Growing up Southern Baptist, I remember hearing it said that Presbyterians and Catholics may use the "sprinkle" method of baptism, but we Baptists "hold 'em under till they bubble." It always made me laugh.
Our church held a baptism service on Sunday, the first I'd seen in a couple of years (they've traditionally held special services for it.) Then, Wednesday night, my small group talked about getting baptized. The repetition of the topic struck me, and it brought back memories.
I was eleven. My entire family--Mom, Dad, Beth, and Melanie--crammed into our tiny downstairs bathroom for the event. I wore a turtleneck, I think, and jeans, which (for those who've never tried this) are incredibly difficult to get off when wet. We filled the bathtub as full as it would go, and I had to sit like kids do, with my knees bent and feet pointing in opposite directions.
In spite of the comical elements, I felt both excited and serious. At that age, there was nothing I wanted more than to be God's and know for sure I was His.

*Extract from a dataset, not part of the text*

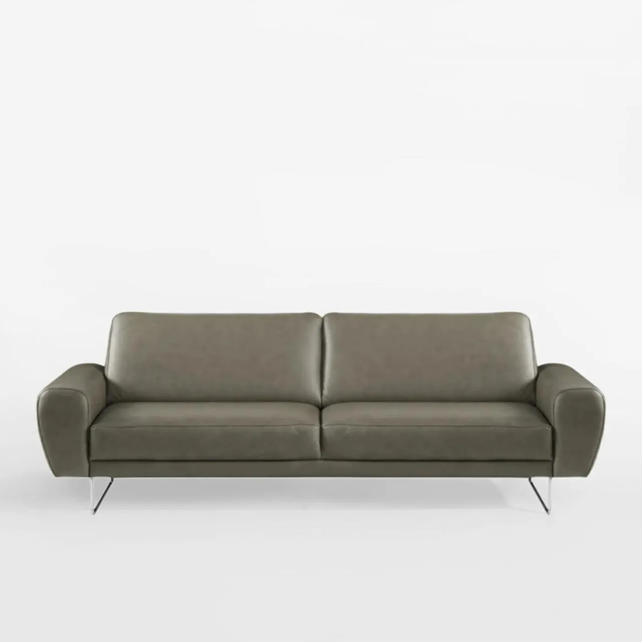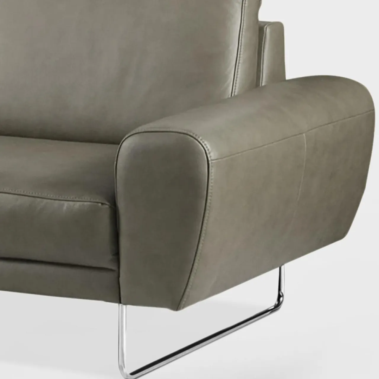 Sofa SPRING została wykończona skórą naturalną NATUR o szarym wybarwieniu. Jest ona przyjemna w dotyku, łatwa w utrzymaniu czystości, a odpowiednio zadbana zapewnia trwałość na wiele lat. Metalowe nóżki mebla to charakterystyczne płozy nadające sofie modernistycznego wyglądu.

Dad did the honors. He asked me, as Baptists generally do as part of the ceremony, if I had accepted Jesus Christ as my Lord and Savior. I said yes, almost desperately; like a girl might to the love of her life before he has a chance to change his mind. Then "I baptize you in the name of the Father, the Son, and the Holy Spirit" and the ritual was complete.
It's such a little thing. One quick symbol. But for some reason, it matters. I remember it because it mattered. My life didn't change right there, but that which we Baptists call an "act of obedience" stands for a thousand changes, great and small, throughout my life. Maybe because so little in life is sacred, especially nowadays, this one short memory means so much to me.